Wednesday, September 26, 2012

Anti-Moneyball: TROUBLE WITH THE CURVE


A sturdy Hollywood drama, Trouble with the Curve is glossy and serviceable, even if it is utterly predictable every single step of the way. It’s a relatively good-natured anti-Moneyball, focusing on the value of hearing the crack of the bat and the thwack of the catch over tabulating stats. But you are mistaken if you thought a top-notch cast featuring Clint Eastwood as an elderly baseball scout and Amy Adams as his concerned daughter, as well as Justin Timberlake as a young scout and John Goodman, Matthew Lillard, and Robert Patrick as the guys back at the home office, would be able to elevate this material beyond simple American-pastime sentimentality and a schematic plotline that seems to be always pretending to have found surprises when it’s really only flatly arrived at the same old clichés.

Eastwood’s doing a cantankerous-old-guy routine that’s almost too broad, but rings true. When he falls going up ballpark steps he hops up and snarls at concerned passerby “Haven’t you ever seen a man trip before?” Adams, as his daughter, learns from one of his co-workers, a family friend (Goodman), about her father’s failing eyesight and his stubborn refusal to admit it to his employers. Despite being up for a big promotion at her law firm, she flies into town to spend some time with him as he scouts a promising high school ballplayer (Joe Massingill). She ends up slyly helping him with his job, being his eyes where he can’t quite see. It’s not often a film looks so warmly on a father-daughter relationship so, even though their relationship is certainly strained in some ways, it’s nice to see.

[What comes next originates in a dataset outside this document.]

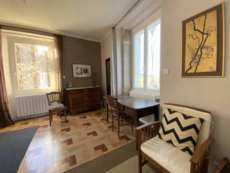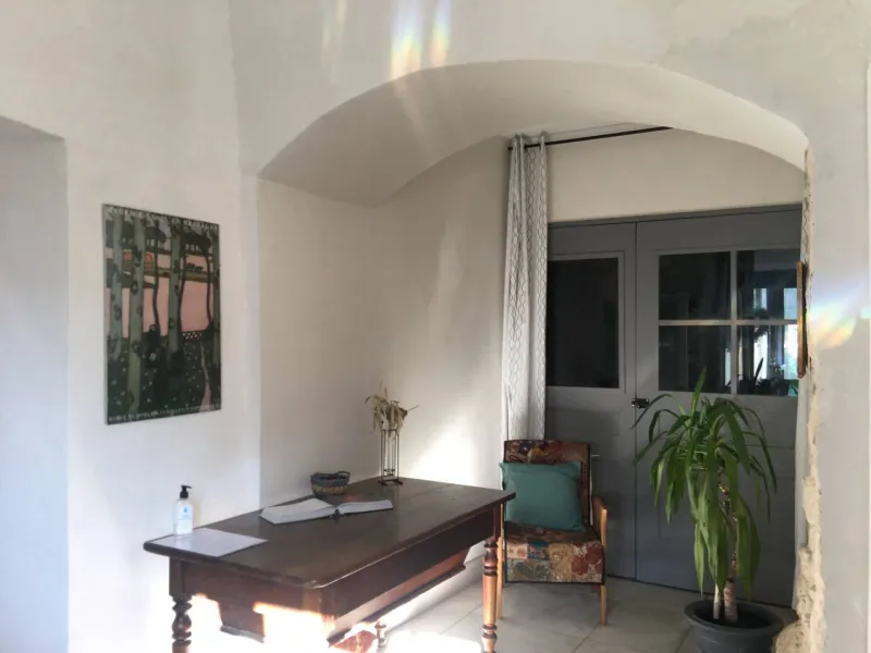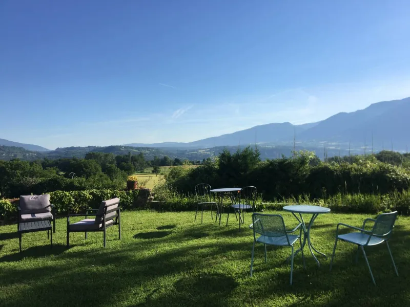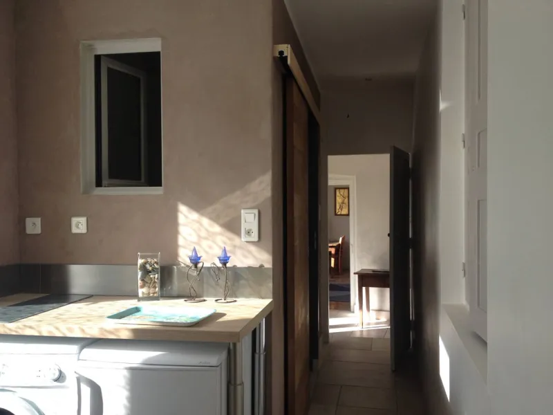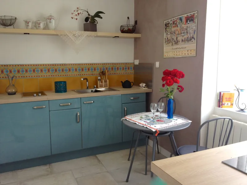 Le gîte est aménagé au rez-de-chaussée avec une entrée indépendante, un grand hall qui dessert une grande chambre de 20 m² avec un lit de 160cm, une pièce attenante avec 2 lits d'appoint simples, une cuisine équipée et une salle de bain (douche, lavabo et wc).Terrasse avec vue, garage à vélos et parking réservé aux hôtes.

Their relationship is one of familiarity, of unspoken affection and needling expectations from both ends. They’re facing similar professional problems – rooms of suits debating their fates – and there’s a nice parallel in the way they both don’t quite want to admit how much each needs the other. It’s pleasant and forms a loose core of emotional truth around which the film can spin its lazy sentimentality, coasting on the charms of the cast even as it wobbles through a half-convincing romantic subplot (why else do you think Timberlake’s hanging around?) and brief looks into the arrogance of the player being scouted. Hey, something has to fill out the run time, although an out-of-place revelation that involves a flashback intercut with a young Eastwood played by footage of Eastwood himself in Dirty Harry is the only inclusion that feels just plain wrong. Otherwise, it's a film that's constantly reaching predictable moments and playing them with a surprising lack of energy.

First-time director Robert Lorenz (he produced many of Eastwood’s directorial efforts over the last couple of decades) takes first-time screenwriter Randy Brown’s low-key low-stakes writing and executes it professionally. Unfortunately, it’s the storytelling equivalent of a bunt. Wouldn’t it be more impressive to swing for the fences? Of course it would. But this isn’t a movie that’s built to hit it out of the park, not with every scene playing as a flat stepping stone to the next predictable plot point. There’s nothing much that can be done when everyone involved is playing it so safe. It’s not that there’s anything particularly wrong with the work the filmmakers and the cast are doing; it’s that there’s nothing particularly lively, compelling or memorable about the story and characters at its core.